In an accompanying article, Youssef—who will present about Workweek’s content-creator-led strategy at BIMS 2023 in Orlando, Feb. 23-24—offered three tips for improving your employee onboarding: 1) “Define your culture, mission and vision: What exactly are employees doing here and why does it matter?”; 2) “Have a plan for the first 30, 60, 90 days”; and 3) “Survey: the first 30, 60, 90 days should conclude with a survey at each milestone. While that feels like a lot of surveys, this time is the most crucial to get right! If something is not going well at the 30 day mark, you still have the opportunity to make some improvements.”

Interestingly, I wanted to write about member/subscriber onboarding. But when I read Youssef’s advice, it’s not really that different. You should be defining yourselves to the new member in terms of the opportunities available to them to engage. And “have a plan” is pretty obvious. The idea of surveying may, as she writes, feel heavy but better early in a membership or subscription than late, right? And I’ve found that reaching out in a caring, non-intrusive way is never a bad thing.

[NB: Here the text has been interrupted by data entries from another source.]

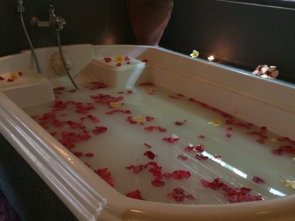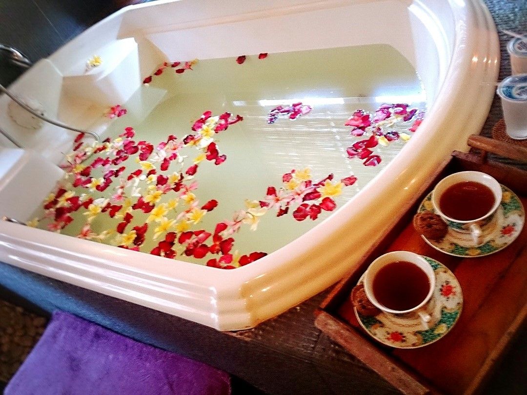 3時間半のコースでしたが、次はもっと長いコースに挑戦したいです。クリームバスは日本に帰国してからも、しばらくしっとり感が続いていて、効果抜群でした!!フラワーバスに入りながら飲んだお茶すごくおいしかったです。友達にも喜んでもらえてよかった!!また行きたいです。
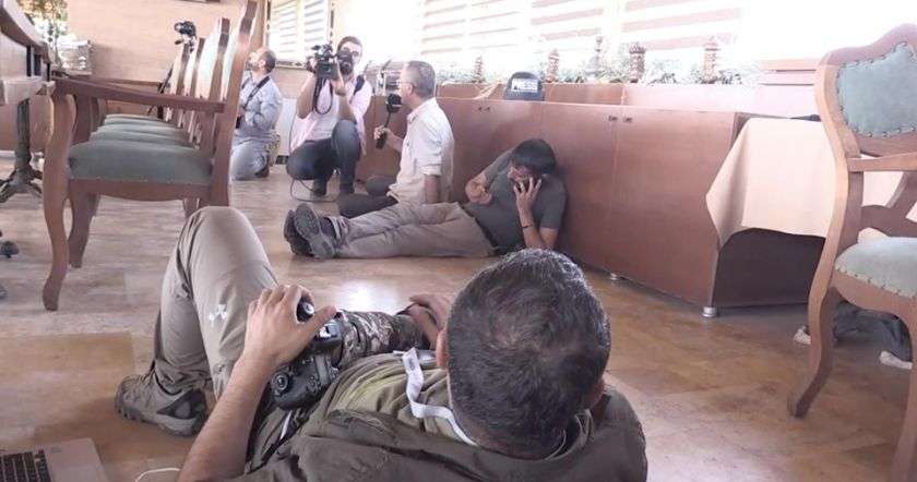 Թուրքական Նույսաբին սահմանային քաղաքում լրագրողներն ուղիղ եթեր են մտել թաքնված ու պատսպարված դիրքերով, որպեսզի ցույց տան քրդերի արկակոծության վտանգավորությունը...
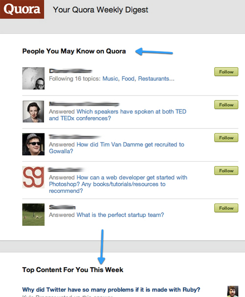 Quora會在郵件當中向用戶推薦他可能感興趣的內容。如果你的網站或應用有足夠的數據來支持這樣的個性化服務,那么就考慮一下吧。
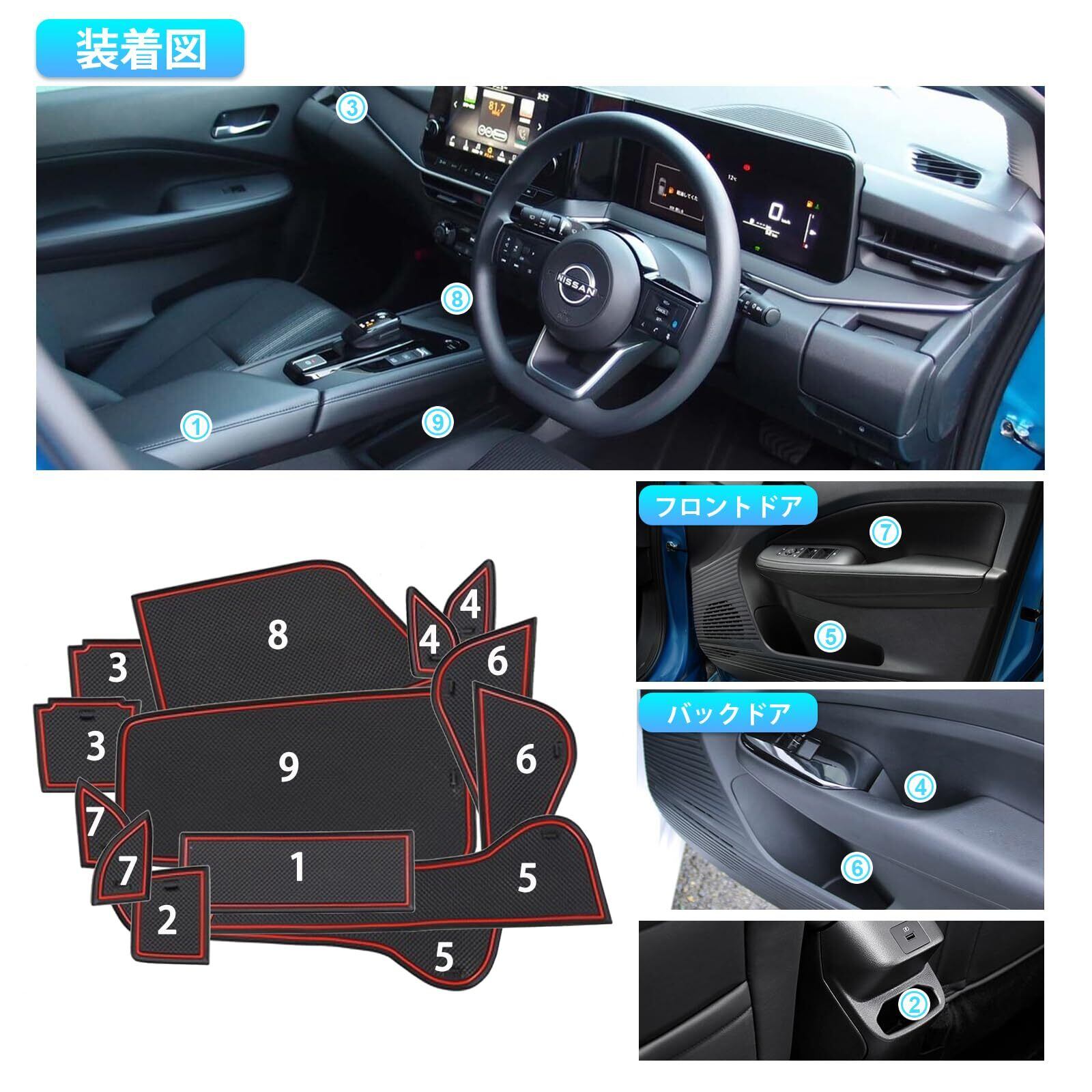 【滑り止めマット専用車種】:ニッサン ノートE13 (2020-2024.1モデル) 各車種に独自のデザイン上の特徴があることを考慮し、弊社は車種専用なインテリアラバーマットのみを設計しています。 この滑り止めマットは、車種専用のデザインコンセプトを採用して、車にフィットし、車をキズから守ります。
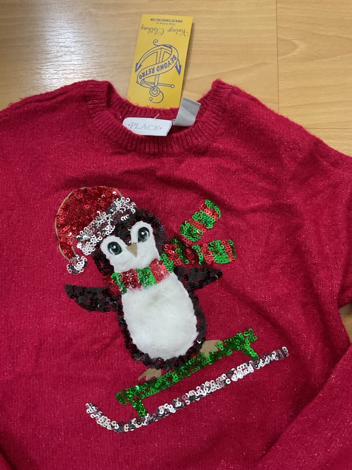 Bordo renkli, uzun kollu, yuvarlak yakalı, pul işlemeli penguen desenli triko simli kız çocuk kazağı. Yumuşak dokulu, sokak stili için uygun. İsveç’ten alınmıştır❄️
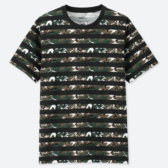 - 2019アート ユニクロ×アンディ・ウォーホル SPRZ NY UT Tシャツ 丸首 半袖 黒 総柄 迷彩柄+ボーダー L・身幅約52.5cm※未開封品/タグ付き
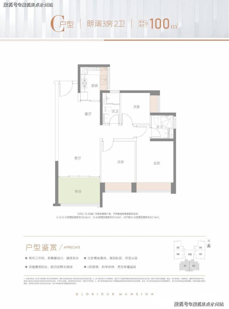 100㎡的3房2厅2卫:1栋A座01.02户型,设计的是竖厅格局,客厅3.55米开间,LDKB一体化,动静分区,三开间朝南,3个卧室分别做到了3.15米/2.85米/2.5米的宽度,U型厨房,卫生间干湿分离,阳台正南朝向。
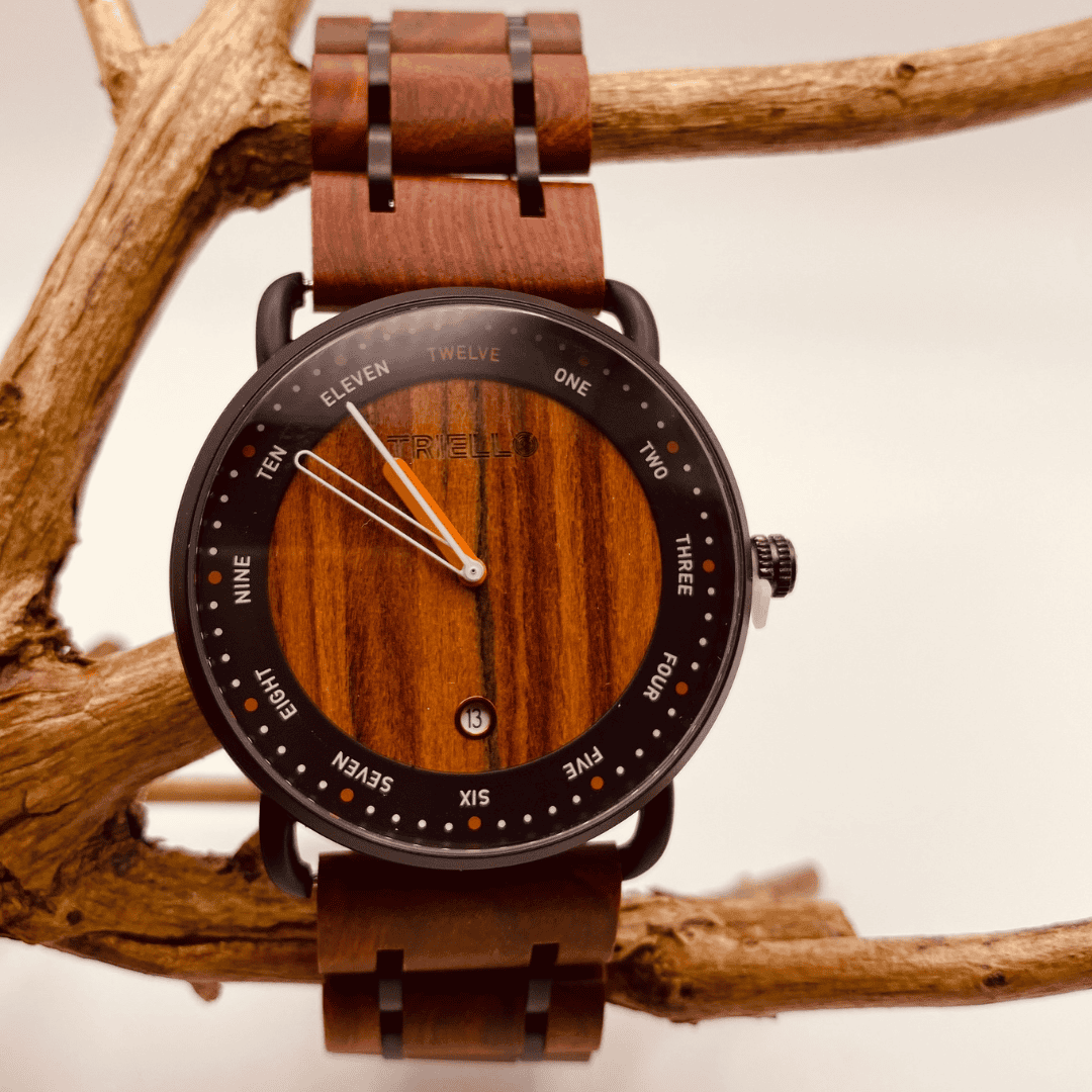 Echtholz-Zifferblatt – jedes Stück ein Unikat
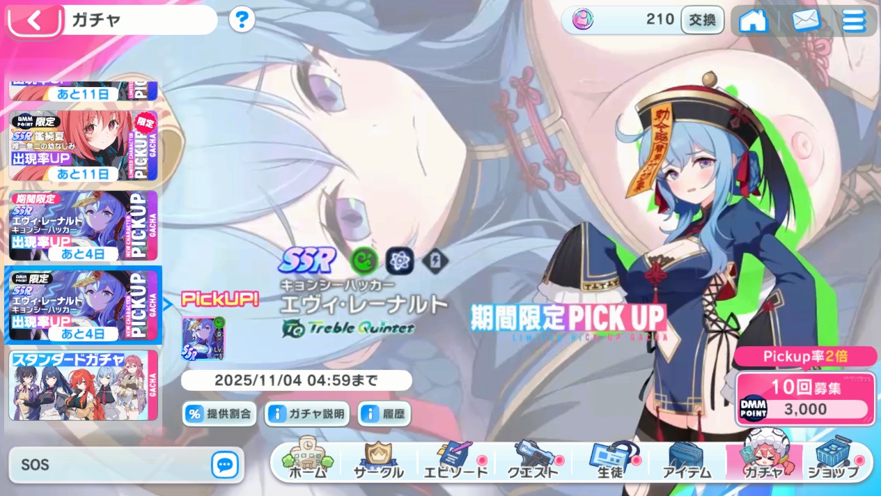 エヴィのハロウィンガチャでも樋向心香は0.1%で排出されます。それでURまでいきました。

That also leads to the first of six more tips for onboarding:

Monitor early. “If a subscriber doesn’t have at least 10 page views a month, we run campaigns to engage with them, send them letters from the editor and the CEO, try to understand what they are looking for, and make relevant changes,” said Vaibhav Khanna, senior manager, subscription growth, for The Indian Express and formerly Bloomberg Quint. In a retention study last year from the American Press Institute, the biggest gap between what publishers deem valuable and what they aren’t doing well is in identifying at-risk subscribers—83.5% to 19%. The next two are using metrics to evaluate churn—82.6% to 28%.—and track what subscribers read—75.7% think it’s important but only 30% believe they are good at it.

Come up with clear questions to ask. Youssef suggests these—the brackets are how I would change it for subscribers/members:
I know what is expected of me [programs you offer];
I have the resources I need to successfully do my job [engage with you];
I understand the [your] company culture;
My goals [for our subscription/membership] are clearly defined;
My manager [contact with your organization] has set expectations about my role [our membership].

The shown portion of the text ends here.